Quali saranno i suoi prossimi impegni?

Per prima cosa, è necessario che quest’incubo finisca. Una volta che saremo usciti dalla morsa della pandemia, provvederemo a dare alla missione un nuovo impulso, soprattutto sotto l’aspetto della formazione. Don Mimmo fa tanto. Le comunità di Villingen-Schwenningen e di Singen, in termini di formazione pastorale, sono ben più avanti rispetto a quelle di altri posti.
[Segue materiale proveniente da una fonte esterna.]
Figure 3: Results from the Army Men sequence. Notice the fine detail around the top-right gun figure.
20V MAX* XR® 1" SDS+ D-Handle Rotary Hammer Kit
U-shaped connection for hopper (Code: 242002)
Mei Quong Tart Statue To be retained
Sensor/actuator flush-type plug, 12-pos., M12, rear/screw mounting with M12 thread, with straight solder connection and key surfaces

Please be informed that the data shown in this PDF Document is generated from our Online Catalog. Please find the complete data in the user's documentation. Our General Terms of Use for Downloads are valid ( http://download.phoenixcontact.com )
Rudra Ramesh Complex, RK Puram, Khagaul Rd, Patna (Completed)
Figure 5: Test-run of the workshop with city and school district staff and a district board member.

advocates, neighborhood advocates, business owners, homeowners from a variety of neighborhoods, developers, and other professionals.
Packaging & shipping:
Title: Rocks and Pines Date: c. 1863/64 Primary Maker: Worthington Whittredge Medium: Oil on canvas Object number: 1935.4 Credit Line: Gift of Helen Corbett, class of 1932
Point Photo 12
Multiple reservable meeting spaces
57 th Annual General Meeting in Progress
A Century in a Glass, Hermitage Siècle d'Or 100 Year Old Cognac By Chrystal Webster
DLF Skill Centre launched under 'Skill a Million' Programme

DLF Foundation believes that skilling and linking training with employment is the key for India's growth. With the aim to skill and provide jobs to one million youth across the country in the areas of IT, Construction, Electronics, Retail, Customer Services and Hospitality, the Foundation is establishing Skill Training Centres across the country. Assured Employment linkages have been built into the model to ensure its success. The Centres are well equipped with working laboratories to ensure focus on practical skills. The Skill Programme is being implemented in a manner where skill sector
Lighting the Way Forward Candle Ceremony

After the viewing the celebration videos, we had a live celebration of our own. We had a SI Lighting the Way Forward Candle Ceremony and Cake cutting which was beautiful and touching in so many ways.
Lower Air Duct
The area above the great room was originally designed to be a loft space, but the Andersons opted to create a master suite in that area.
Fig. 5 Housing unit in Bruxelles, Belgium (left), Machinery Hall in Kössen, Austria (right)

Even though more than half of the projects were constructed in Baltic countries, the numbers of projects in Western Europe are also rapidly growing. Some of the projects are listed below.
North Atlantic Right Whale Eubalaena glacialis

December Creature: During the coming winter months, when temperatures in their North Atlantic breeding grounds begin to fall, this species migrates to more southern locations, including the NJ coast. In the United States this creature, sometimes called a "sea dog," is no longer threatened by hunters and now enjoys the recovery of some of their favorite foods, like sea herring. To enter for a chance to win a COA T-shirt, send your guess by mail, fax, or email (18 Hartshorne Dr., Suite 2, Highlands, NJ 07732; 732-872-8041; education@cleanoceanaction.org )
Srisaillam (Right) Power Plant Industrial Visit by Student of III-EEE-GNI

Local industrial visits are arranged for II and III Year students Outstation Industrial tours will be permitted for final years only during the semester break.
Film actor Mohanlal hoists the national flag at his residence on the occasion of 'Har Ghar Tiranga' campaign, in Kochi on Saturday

Stiamo parlando, infatti, di una missione grande ed estesa, che copre un territorio molto vasto. Io spero, in futuro, di poter contribuire a portare una maggiore assistenza spirituale dove c’è più bisogno.

Che differenze ci sono fra la pastorale in una comunità in Italia e una italiana in Germania?

Dal punto di vista dell’approccio, nessuna. Dal punto di vista pratico, notevoli. Una cosa è gestire una piccola parrocchia in un territorio delimitato e circoscritto; altra cosa è gestire una missione che copre, come dicevo prima, uno spazio estremamente ampio, arrivando persino ai confini con la Svizzera. È necessario spostarsi, interagire con un numero di persone maggiore. È una pastorale dinamica, ma sapevo perfettamente a cosa sarei andato incontro e le dico di più: era il tipo di esperienza che desideravo vivere quando sono partito dall’Italia e che desidero vivere adesso. Quando avrò preso dimestichezza con la lingua tedesca, e quando il maledetto Covid-19 si sarà fatto da parte, sarò pronto a dare il mio contributo alla causa del Signore.